_Instructions for the task:_ The response must be the exact lines from the one that contains "1)페이스북 우측 상단의 검색으로 이동합니다." through the end of the material, with no pictures and no additional lines.

_Dataset extract:_
· · · · · · ·
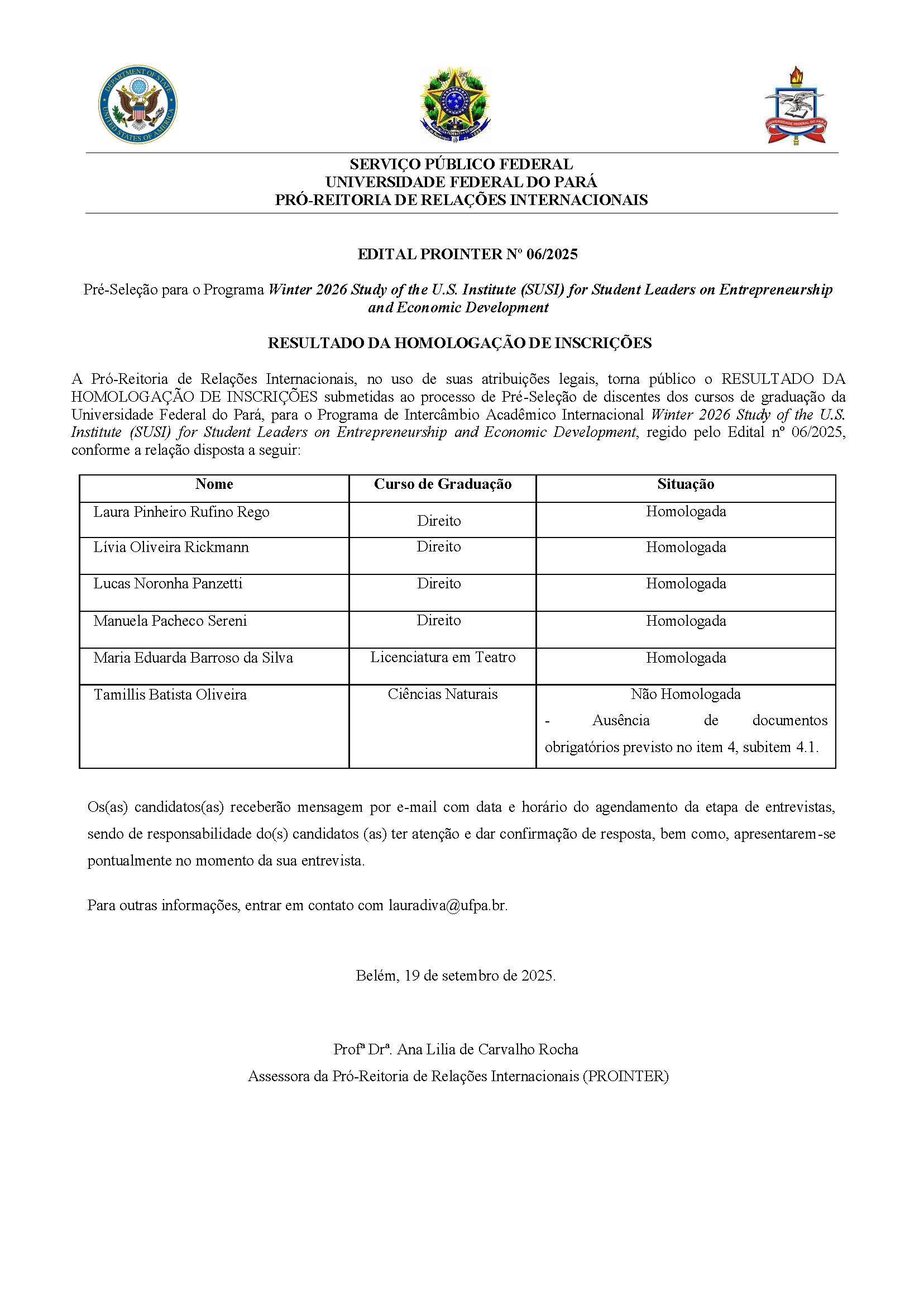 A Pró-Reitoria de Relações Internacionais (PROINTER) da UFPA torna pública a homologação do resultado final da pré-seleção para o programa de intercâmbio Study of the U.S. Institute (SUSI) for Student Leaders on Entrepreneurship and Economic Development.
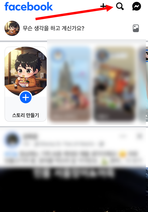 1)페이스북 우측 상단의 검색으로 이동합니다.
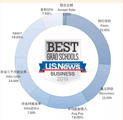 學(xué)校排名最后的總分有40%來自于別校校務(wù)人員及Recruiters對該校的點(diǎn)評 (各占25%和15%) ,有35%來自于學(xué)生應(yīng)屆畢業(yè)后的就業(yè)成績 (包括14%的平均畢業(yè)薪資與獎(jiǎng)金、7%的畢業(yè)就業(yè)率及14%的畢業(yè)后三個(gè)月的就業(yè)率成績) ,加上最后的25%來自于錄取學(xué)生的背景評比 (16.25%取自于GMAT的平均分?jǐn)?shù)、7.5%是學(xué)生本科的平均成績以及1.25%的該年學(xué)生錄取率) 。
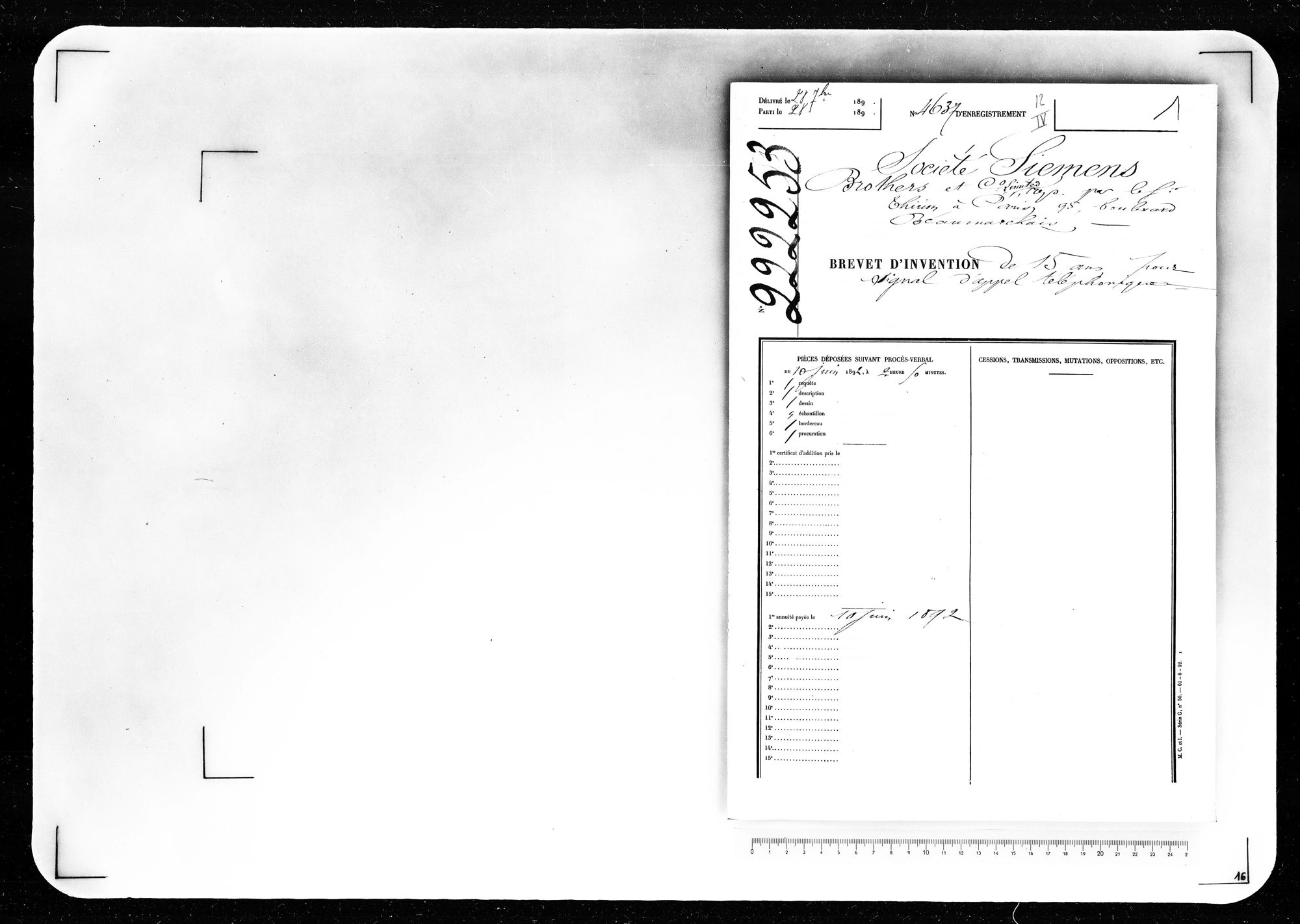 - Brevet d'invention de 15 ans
· · · · · · ·
_Solution to this exercise:_
 1)페이스북 우측 상단의 검색으로 이동합니다.
 學(xué)校排名最后的總分有40%來自于別校校務(wù)人員及Recruiters對該校的點(diǎn)評 (各占25%和15%) ,有35%來自于學(xué)生應(yīng)屆畢業(yè)后的就業(yè)成績 (包括14%的平均畢業(yè)薪資與獎(jiǎng)金、7%的畢業(yè)就業(yè)率及14%的畢業(yè)后三個(gè)月的就業(yè)率成績) ,加上最后的25%來自于錄取學(xué)生的背景評比 (16.25%取自于GMAT的平均分?jǐn)?shù)、7.5%是學(xué)生本科的平均成績以及1.25%的該年學(xué)生錄取率) 。
 - Brevet d'invention de 15 ans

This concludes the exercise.